§ Stored data

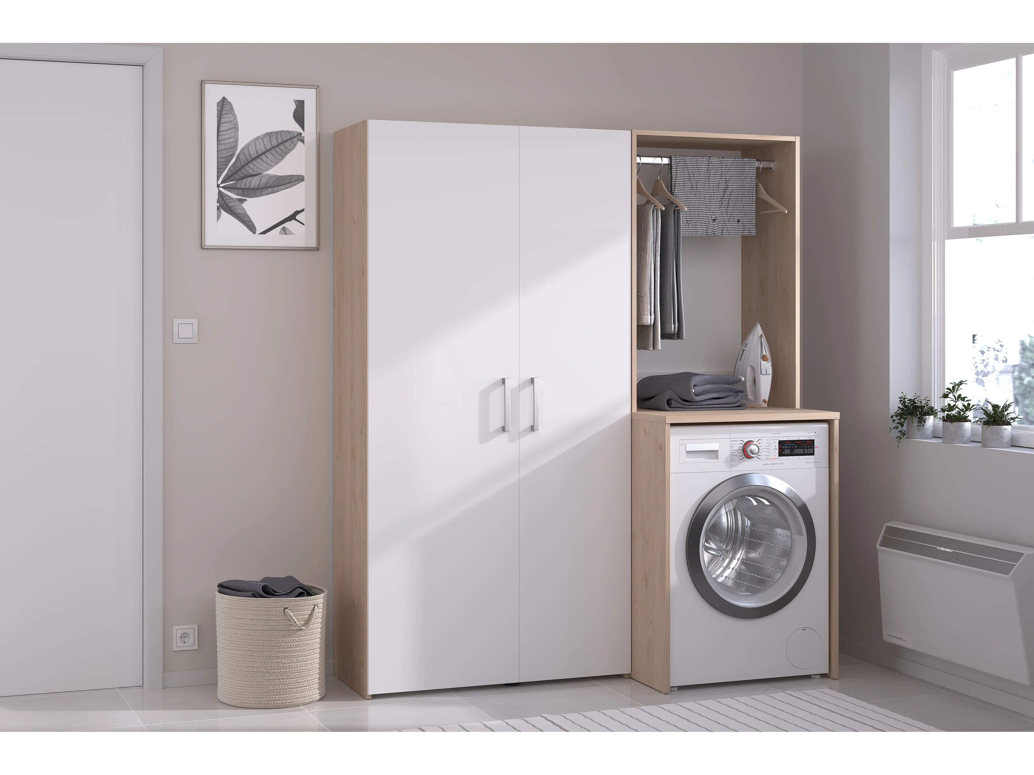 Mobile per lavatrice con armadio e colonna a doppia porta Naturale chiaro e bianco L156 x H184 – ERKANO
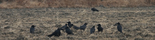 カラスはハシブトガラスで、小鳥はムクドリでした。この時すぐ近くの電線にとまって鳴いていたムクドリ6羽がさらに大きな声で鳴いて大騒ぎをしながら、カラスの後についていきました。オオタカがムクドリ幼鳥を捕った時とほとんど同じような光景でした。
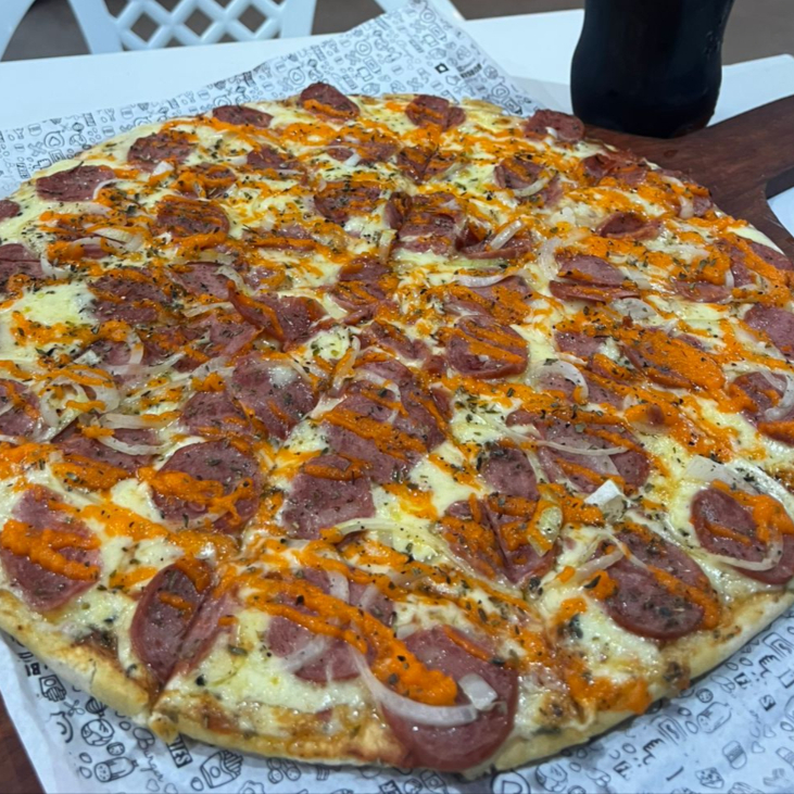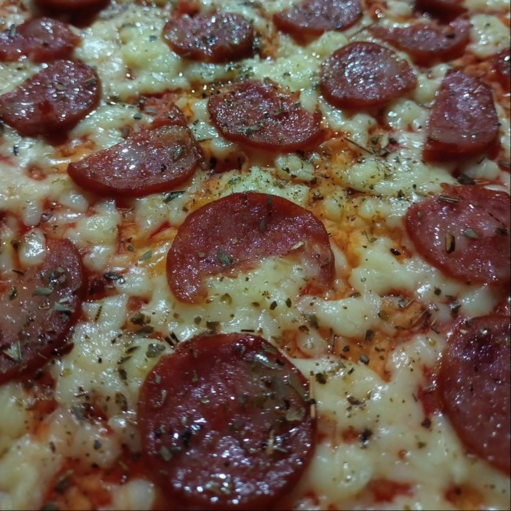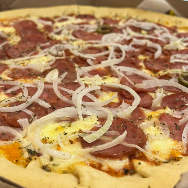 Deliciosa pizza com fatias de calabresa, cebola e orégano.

§ What the exercise asks
Everything in the listing above is to be given again exactly, apart from the pictures.

§ Result of this task
 Mobile per lavatrice con armadio e colonna a doppia porta Naturale chiaro e bianco L156 x H184 – ERKANO
 カラスはハシブトガラスで、小鳥はムクドリでした。この時すぐ近くの電線にとまって鳴いていたムクドリ6羽がさらに大きな声で鳴いて大騒ぎをしながら、カラスの後についていきました。オオタカがムクドリ幼鳥を捕った時とほとんど同じような光景でした。
 Deliciosa pizza com fatias de calabresa, cebola e orégano.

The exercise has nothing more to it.